◆ RECORD EXCERPTS:
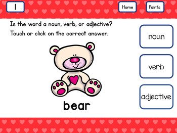 • Sorting Nouns, Verbs and Adjectives Valentine Theme Grade 2
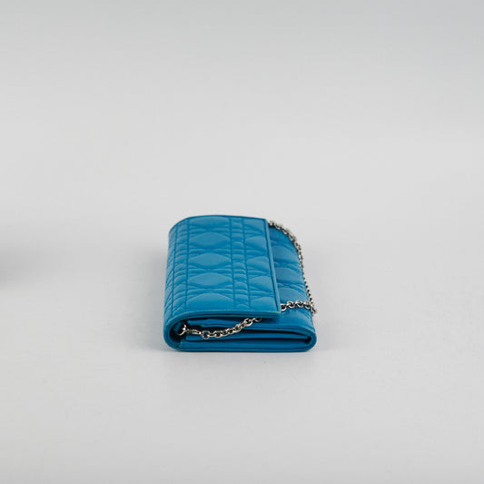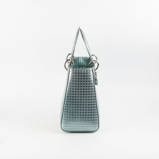 Christian Dior Lady Dior Medium Metallic Blue Patent
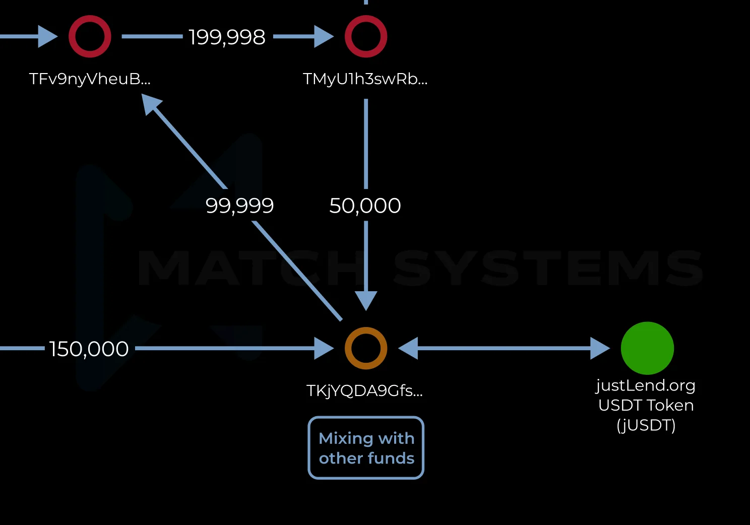6. After leaving the next round of transfers, the stolen 50 thousand USDT were sent to the final address, where the funds were again mixed with other 150 thousand USDT that had previously left the BitTorrent blockchain (this was mentioned in paragraph 4). Then the funds in the amount of 200 thousand USDT were sent to the landing cryptocurrency service “JustLend.org“.
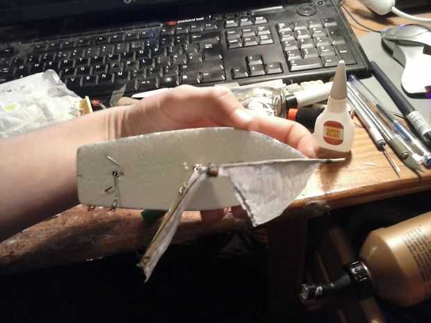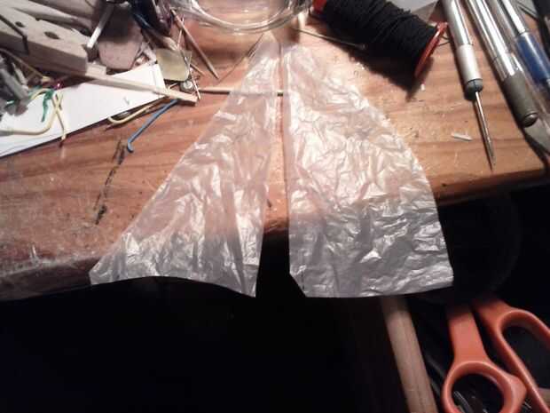 Para la pluma, poner pegamento en los bordes más 2 de la vela y coloque el borde delantero en el estay de proa. Tire de la parte inferior del hilo detrás del estay de proa para que sea enseñado, luego que el borde posterior de la pluma (y el pegamento en él) en contacto con este hilo. La parte que toca la vela debe ser recta, pero la parte del hilo de rosca debajo de la vela debe tener holgura en el mismo. Envuelva el borde más delantera de la vela alrededor del estay de proa y el borde de la parte posterior más alrededor de la cadena posterior.
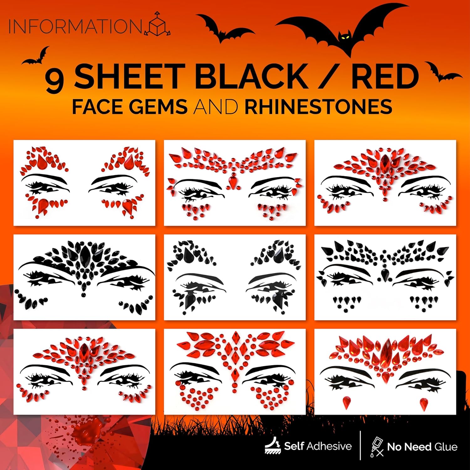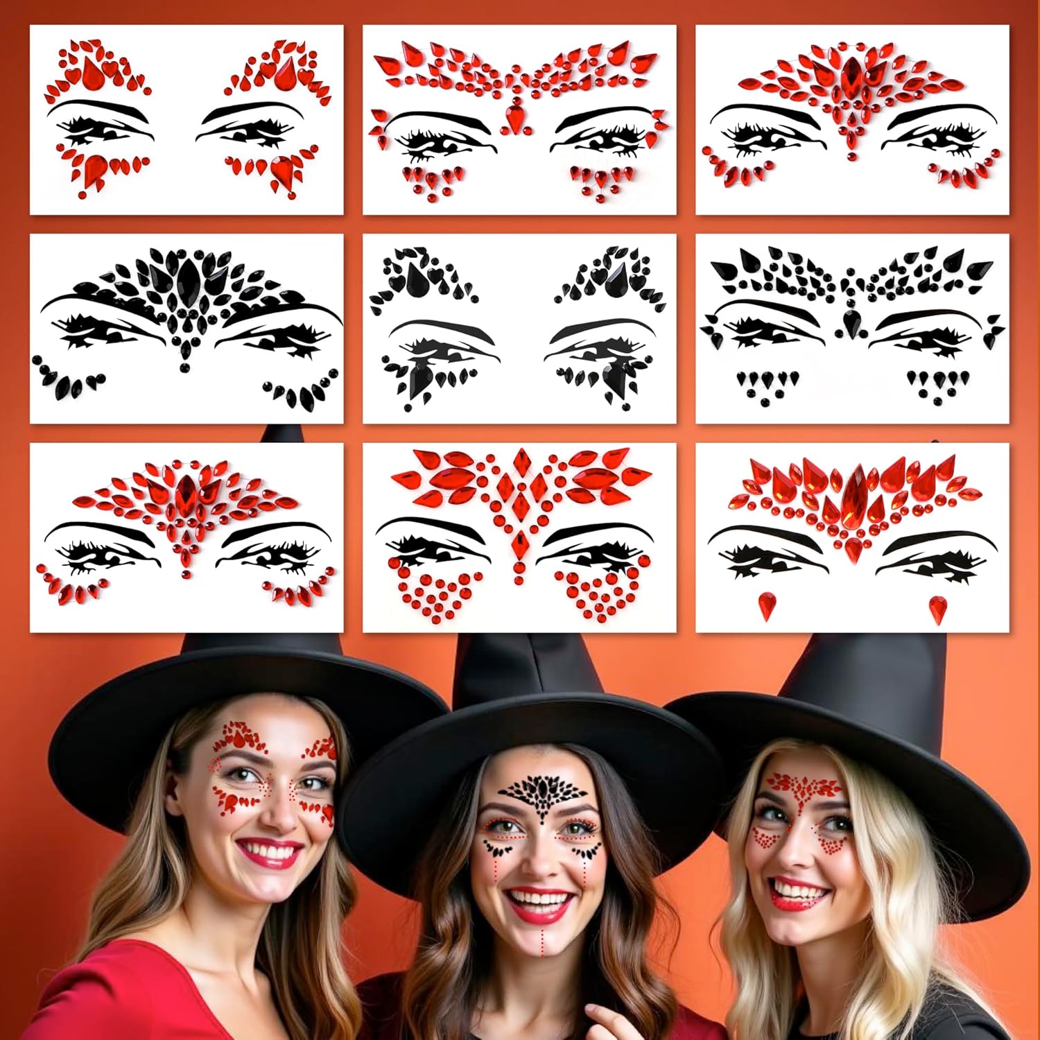 Face Gems Adhesive Glitter Jewel Tattoo Sticker Festival Gems Rave Party Body Make Up (9 PCS Z9ZAKRED-A)
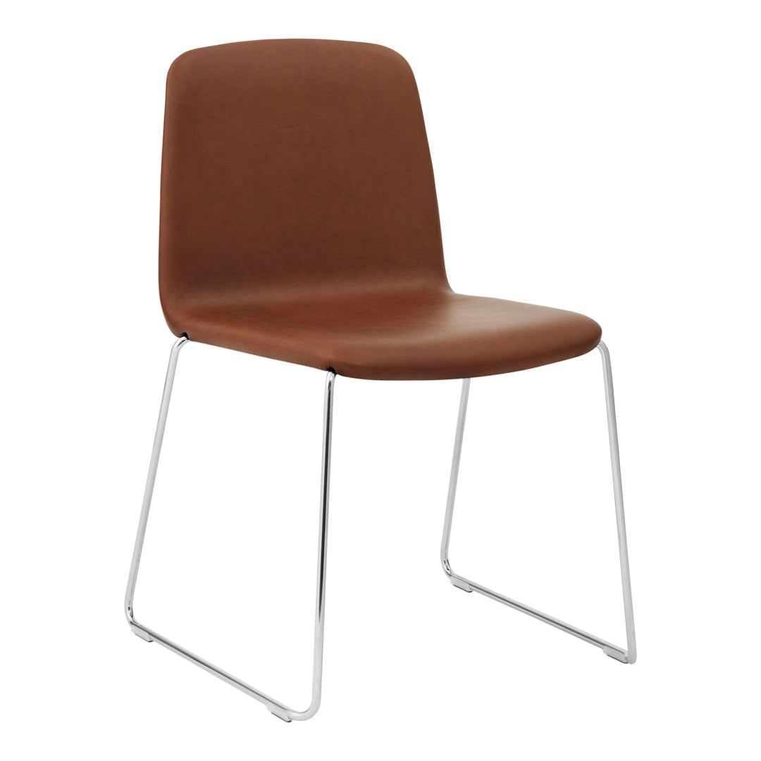 Just is a simple and understated stackable shell chair with lots of personality and character that is as beautiful when seen from below as from above. The frame is discretely tucked into the chair's molded shell, and the shell's tapering thickness gives it a friendly and welcoming expression. Just Chair comes in a veneer version in a distinctive black or in natural, with a striking colored edge in black, red or grey. Just Chair is also available with upholstery in quality four textiles and durable leather, adding a whole new dimension to the chair. The chair fits into most furniture schemes, and is ideal both around the dinner table and in the kitchen.
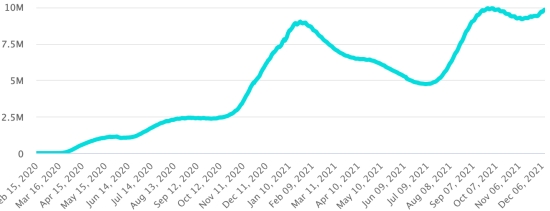 Test: 13,865,594 people tested since the first case (36,489 in 24 hours) Vaccination: 13,863,084 million doses of vaccine injected since December 16, 2020 date of the first injection (+33,799 in 24 hours), latest data available - MSSS dated December 9, 2021) FRANCE: * Cases confirmed since the first case (January 24, 2020): 8,105,785 cases (+ 56,854 cases in 24 hours), the day before (+ 61,340) * Healings: 7,252,376 healings (+20.951 in 24 hours), the day before (+20.194) National Healing Rate: 89.47% (-) Death: 120,168 deaths (+136 in 24 hours), the day before (+133) National death rate: 1.67% (+) * Active cases: (excluding death and cures) 733,241 (+35,767 in 24 hours), the day before (+41,013) France: Trend of active cases: (less healings and deaths)
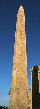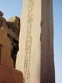 Abb. rechts: Beschrifteter Obelisk von Königin Hatschepsut; Karnak. (Foto: C.Wolfram)

◆ DESCRIPTION OF THE TASK:
Using the listing above, copy exactly the lines from the one that contains "Face Gems Adhesive" through its last line, both included, but not the pictures.

◆ RESULT BELOW:
 Face Gems Adhesive Glitter Jewel Tattoo Sticker Festival Gems Rave Party Body Make Up (9 PCS Z9ZAKRED-A)
 Just is a simple and understated stackable shell chair with lots of personality and character that is as beautiful when seen from below as from above. The frame is discretely tucked into the chair's molded shell, and the shell's tapering thickness gives it a friendly and welcoming expression. Just Chair comes in a veneer version in a distinctive black or in natural, with a striking colored edge in black, red or grey. Just Chair is also available with upholstery in quality four textiles and durable leather, adding a whole new dimension to the chair. The chair fits into most furniture schemes, and is ideal both around the dinner table and in the kitchen.
 Test: 13,865,594 people tested since the first case (36,489 in 24 hours) Vaccination: 13,863,084 million doses of vaccine injected since December 16, 2020 date of the first injection (+33,799 in 24 hours), latest data available - MSSS dated December 9, 2021) FRANCE: * Cases confirmed since the first case (January 24, 2020): 8,105,785 cases (+ 56,854 cases in 24 hours), the day before (+ 61,340) * Healings: 7,252,376 healings (+20.951 in 24 hours), the day before (+20.194) National Healing Rate: 89.47% (-) Death: 120,168 deaths (+136 in 24 hours), the day before (+133) National death rate: 1.67% (+) * Active cases: (excluding death and cures) 733,241 (+35,767 in 24 hours), the day before (+41,013) France: Trend of active cases: (less healings and deaths)
 Abb. rechts: Beschrifteter Obelisk von Königin Hatschepsut; Karnak. (Foto: C.Wolfram)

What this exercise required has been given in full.